Interesting article, thanks for writing it. I can certainly empathize with struggling between planning too much, and too little. In my own games, the way I strike a compromise is to plan ahead a little at a time. I usually only have a really structured sense of what might happen one session in advance. Once that session plays out, I re-evaluate and adjust based on what the players did. The problem with planning too far out is that you can never tell what the players will want to do, or what they will fixate on as being important. Re-evaluating things between sessions gives me time to align my plot devices with their overall direction and expectations.
It isn’t a perfect system, but it keeps things in the sweet-spot between in control and out of control!
I run a Delta Green game once a month that is five years up and counting. Every scenario is essentially a mystery, and because of the paucity of published stuff for the milieu I wrote most of the ones I’ve presented (all but two very short ones in fact). One had a complex arc involving an historic atrocity that took a year and a half to play out. Here is how I did it.
I wrote the story of what had happened. I added detail until I was happy that the story-in-the-past was well-formed (aka hung together) and was compelling from what I knew of the players but left things well short of fine detail. I figured out how the players could engage in the long-finished story and made the best quality clues from these hooks I could (or scheduled them to be made as the investigation progressed). “Clues” here included people with knowledge who could be found and interviewed as well as photographs of crime scenes, signs from abandoned military establishments, memos and letters and so forth.
And then I made a large whiteboard for the players to brainstorm ideas on.
And the players took my story and began to have their own ideas. If those ideas changed small details that would only really matter in the far future of the scenario and were better than mine, I made notes to incorporate them but did not try and fit them in on-the-fly. The wilder idiocies I let be argued out of existence as their knowledge of what “really” happened grew.
Most importantly I made as much effort as possible to make sure that modern-day time-crunch was as reduced as much as possible without destroying the players’ suspension of disbelief. I did this by making the experiential relationships between people and things the key that tied them together rather than geographical proximity or timing (as much as possible).

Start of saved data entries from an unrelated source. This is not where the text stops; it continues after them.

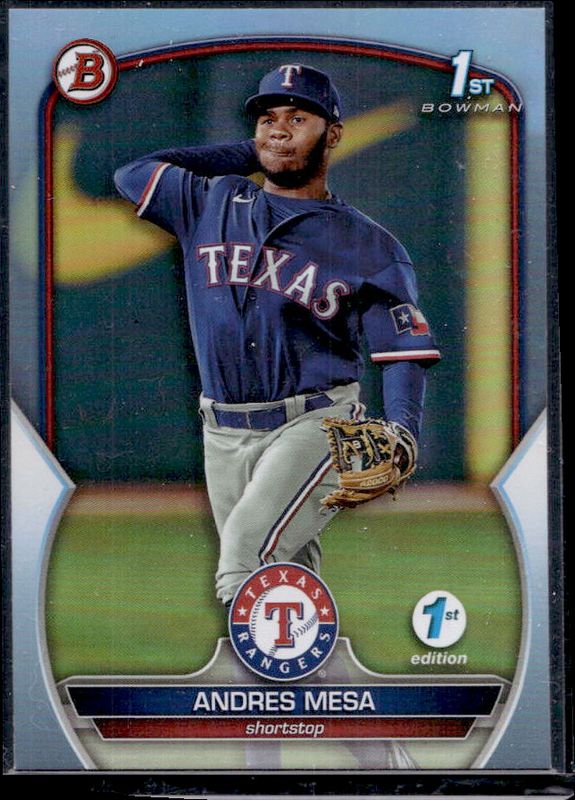 The Andres Mesa 2023 Bowman 1st Edition #BPPF-44 Sky Blue Foil card is 1 of 9 Andres Mesa's card variations in the 2023 Bowman 1st Edition set being tracked by Sports Card Investor, including Base, Blue Foil /150, Yellow Foil /75, Gold Foil /50, and Orange Foil /25.
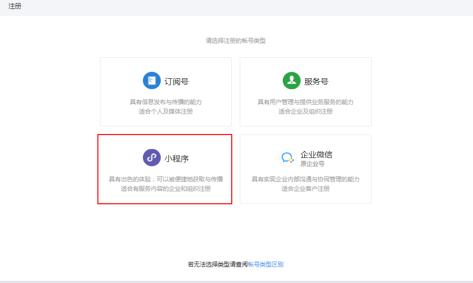 根據信息填寫相關信息,完成注冊后以個人或企業(yè)身份申請小程序。
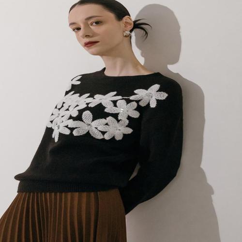 [GGPX]스팽글 플라워 디테일 니트 (GPAKP055F)
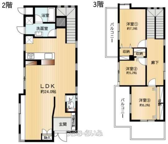 | 間取り | 3LDK ( 洋7.5 洋6.2 洋5.2 LDK24) | ||
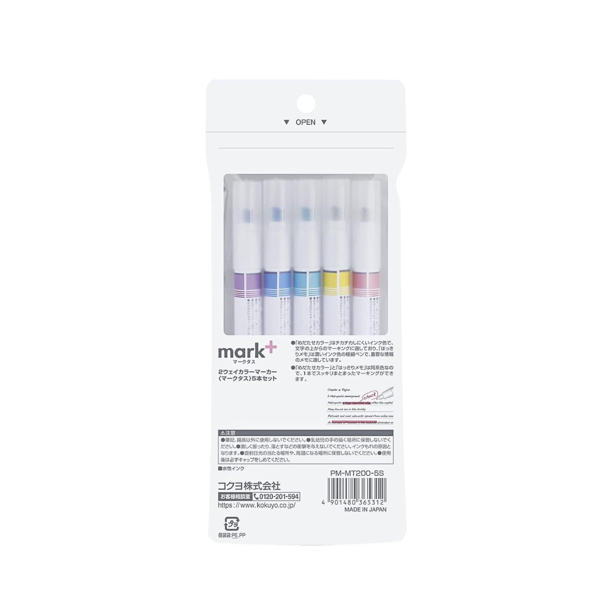 Kokuyo Mark+ 2 Way Colour Marker Pen - Set of 5
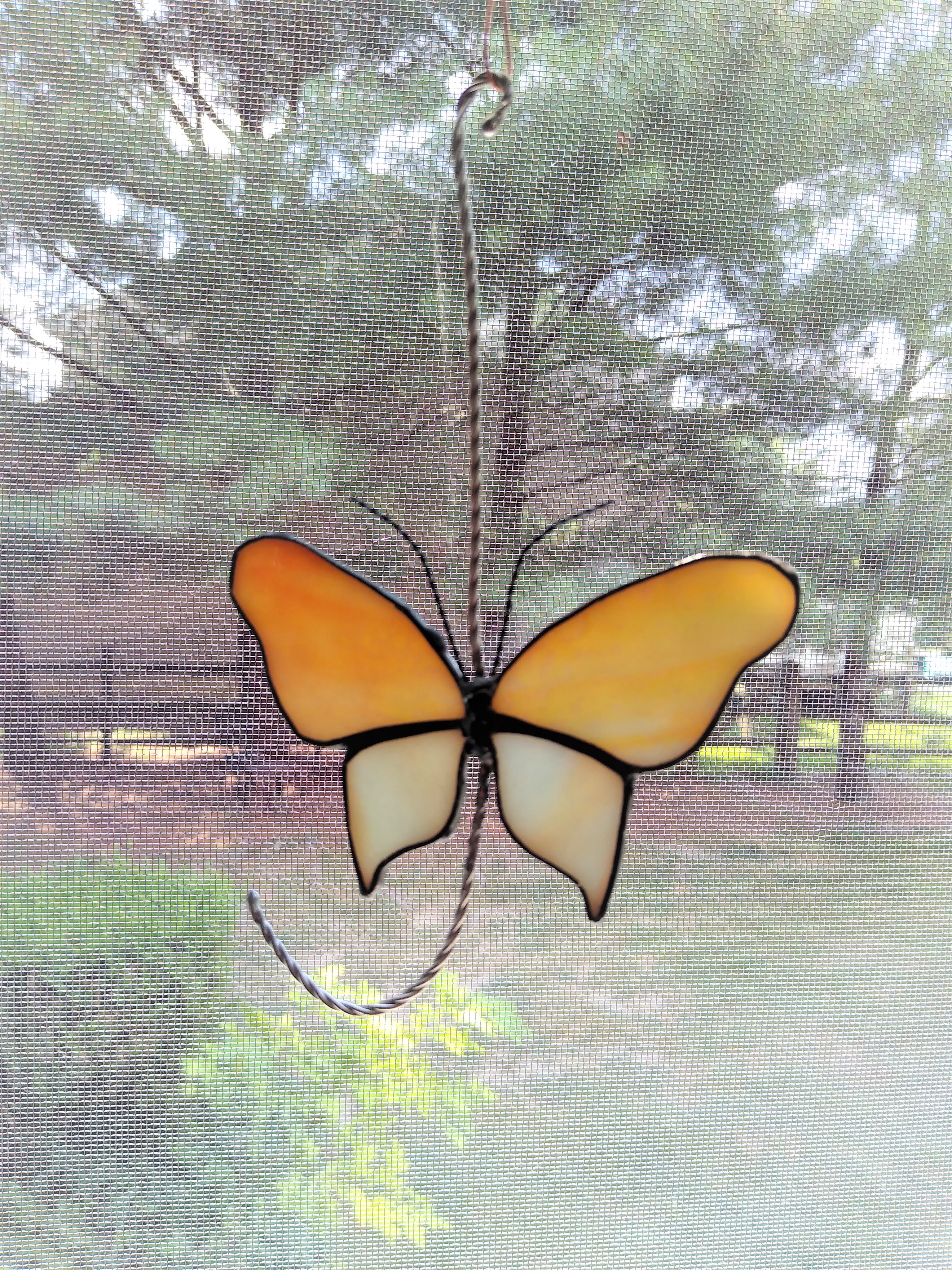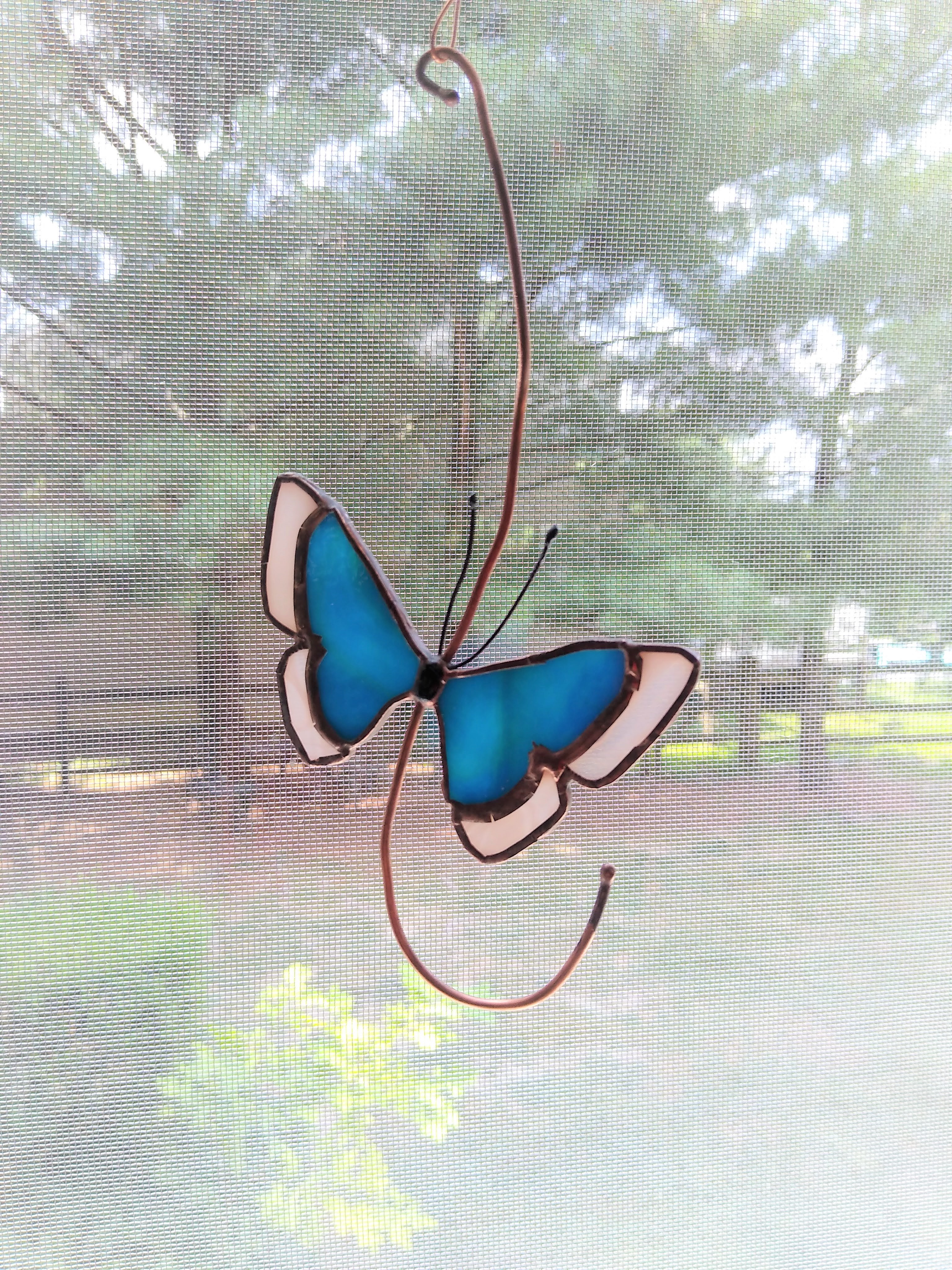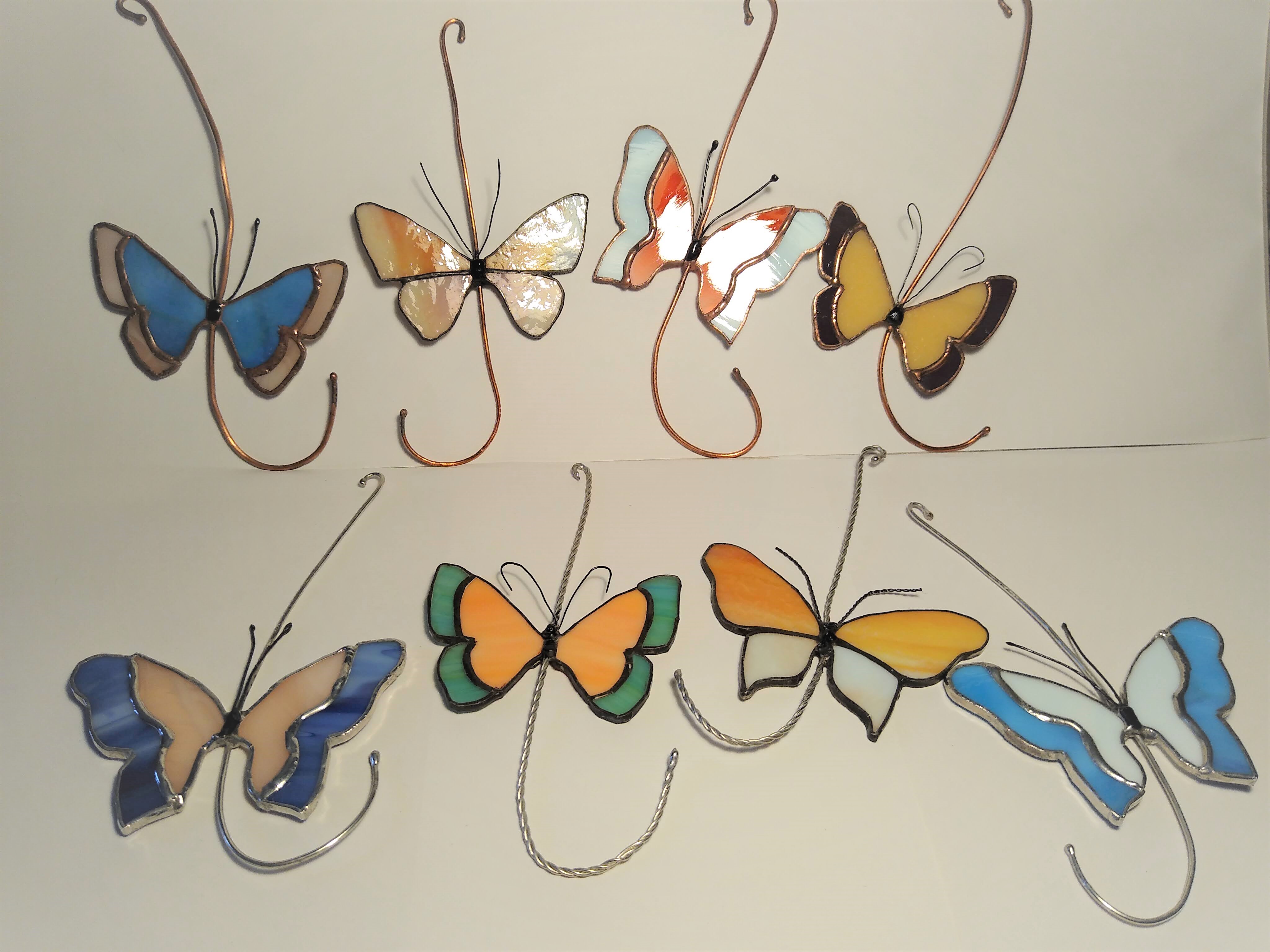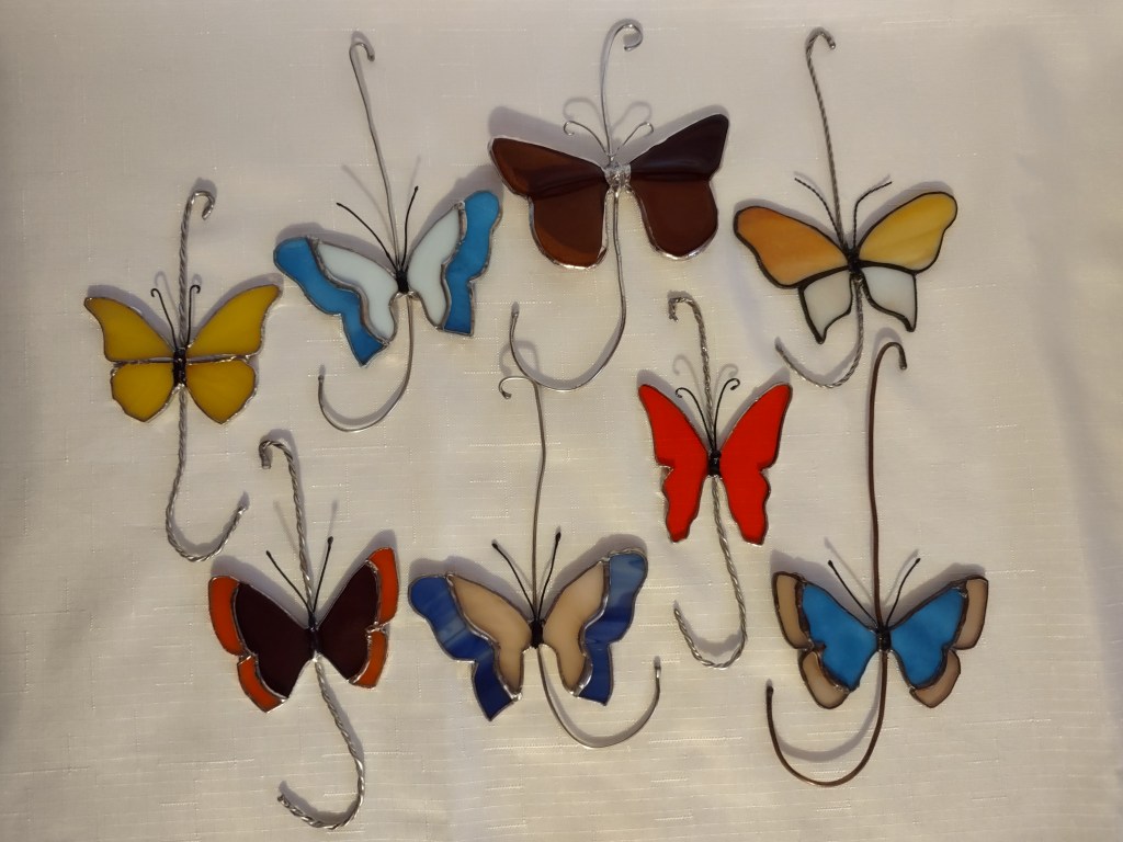 Butterfly Sun Catcher, multicolor – $55. Hand-crafted Stained Glass multi-color butterflies. Mounted on copper wire, suitable for hanging. These small, colorful butterflies do well in windows or suspended from anywhere, to add a splash of color. Each butterfly is hand-made with glass, copper foil, lead solder and copper wire using the Tiffany foil method. Butterfly has a wing-span of about 3 1/2 inches and 2 inches high, with the hanging wire at 6 inches total. Colors available as pictured – special color requests will be considered and may require additional production time. A perfect tiny gift for any occasion. Check Etsy for colors available.

I credit playing Fiasco!!! (another Gnome Stew steer) with this valuable insight. It made the story elements very well buffered against the introduction of newer, better player ideas which became “mere” details.
We had a ball.
And no, I never told the players I was incorporating their ideas when I did because it is a bigger kick for them even today that they were “ahead of the game” than their idea about so-and-so was more interesting then mine. Contrary to popular wisdom, even a well-versed player gets a kick out of occasionally putting one over the GM in-game.
Best of all I had that whiteboard on which the players were writing their own version of the story. I was able to take it between games and study it to see what was working and what wasn’t, story-wise, without the distraction of the game-in-progress.
As I say, a great success. I was physically exhausted after each session and mentally a wreck after the entire thing was done.
It was absolutely worth it to see the looks on the players’ faces at each milestone.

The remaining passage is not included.